Geisel School of Medicine student Alyssa Flores ’20, part a team of Stanford University School of Medicine researchers who published a study on venous disease in the journal Circulation, says they found height to be an unexpected risk factor in developing varicose veins. The study, which received national attention, also discovered a strong genetic overlap between varicose veins and deep vein thrombosis, a serious condition in which a blood clot forms in the deep veins.
Flores, a Howard Hughes Medical Institute (HHMI) Medical Research Fellow, presented the results at the American Heart Association meeting, Vascular Discovery, for which she received the 2018 Peripheral Vascular Disease Early Career Investigator Award.
Flores has spent the past year at Stanford working with Nicholas Leeper, MD, an associate professor of surgery and of cardiovascular medicine—senior author of the study. Sharing lead authorship of the paper with Eri Fukaya, MD, PhD, a clinical professor of vascular surgery, she says being part of the research team has, “been an incredibly formative experience” for her career. “I’ve had time to develop myself as a researcher—both in skills and in understanding how to think about problems in cardiovascular diseases, and how to best tackle them.” Leeper Lab studies the vascular biology of atherosclerosis and aneurysm disease.
The varicose vein study is a departure from her work, but with Leeper as her mentor, she became involved. In the largest study of its kind, Flores says the team utilized machine learning—a type of artificial intelligence—to plumb the depths of data gathered on nearly 500,000 individuals in the UK Biobank to confirm common risk factors for varicose veins. While the study confirmed established risk factors, it found a previously unknown risk factor— greater height.
“I think it was surprising because height isn’t one of the traditional risk factors we think about, but machine learning was able to screen all the data in an unbiased way and find out that height was very strongly predictive of whether someone develops varicose veins,” Flores says.

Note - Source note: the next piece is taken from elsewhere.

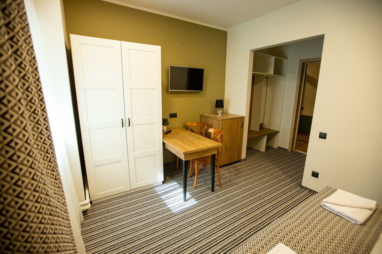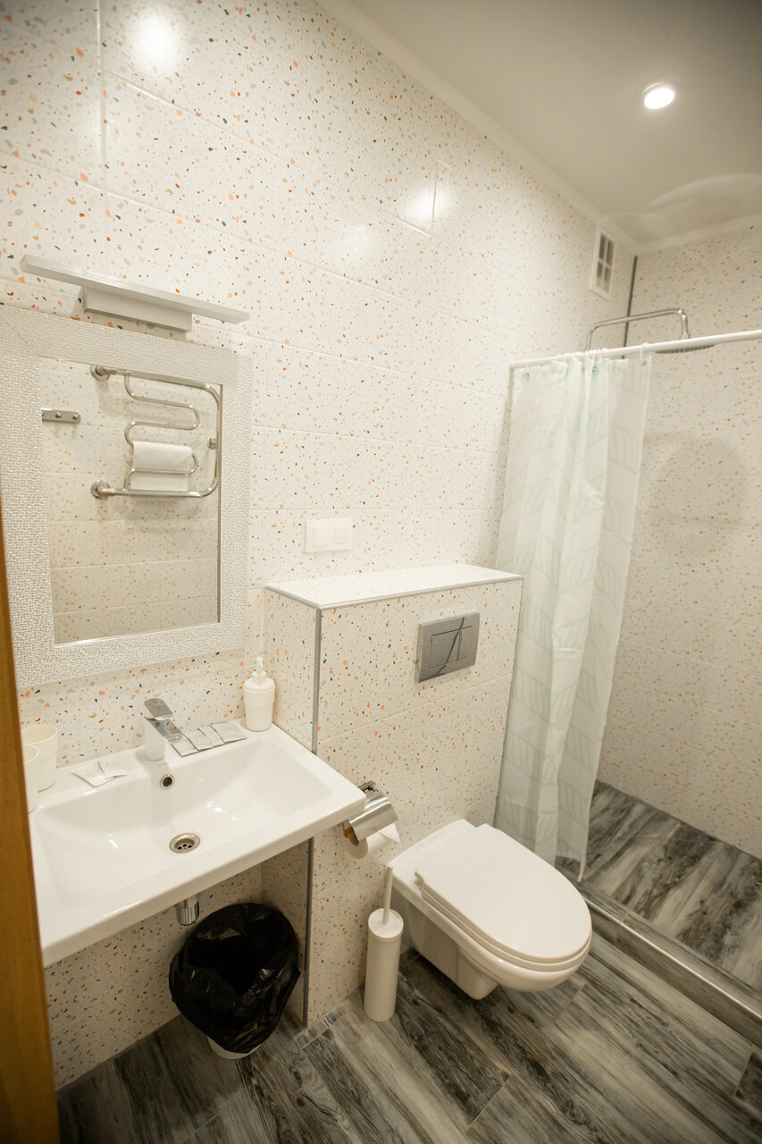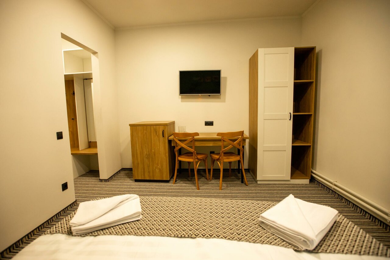 Хороший отель, в 5 минутах езды от монастыря. Завтрак 3-х видов. Заказываете с вечера. Кофе или чай 1 чашка на человека. Номера современные. Есть мыльные принадлежности. Очень странно расположены розетки над кроватью. Сняла оценку за равнодушие к состоянию парковки и подходу к отелю. Могли бы в такой гололёд посыпать хотя бы немного песко или гравием .

In addition to height, a measure of the body’s ability to impede electrical current flow was revealed as a predictive marker for varicose veins. The study also discovered genetic determinants of varicose vein disease that may be useful in identifying new targets for treatment.
Primarily interested in efferocytosis—the natural process of clearing dead and dying cells from our bodies—Flores has received additional funding from HHMI to continue working with Leeper during the 2018-19 academic year, continuing her original research on designing a drug therapy to boost the immune system’s ability to clear these abundant plaques. When this activity goes awry, a build-up of these diseased cells in the arteries may be responsible for heart attack and stroke.
“My project is highly collaborative, which has been fun because it’s a team of chemists, bioengineers, and biologists working together to develop the nanotherapy,” Flores says. “Overall it has been exciting to work on a project with such broad potential and build my research career—from networking, which HHMI encourages, to learning technical details and methods. This has all been extremely valuable for my career development.”
Grant funding from the National Institutes of Health (grant1R01HL135313) and the Knut and Alice Wallenberg Foundation supported this study.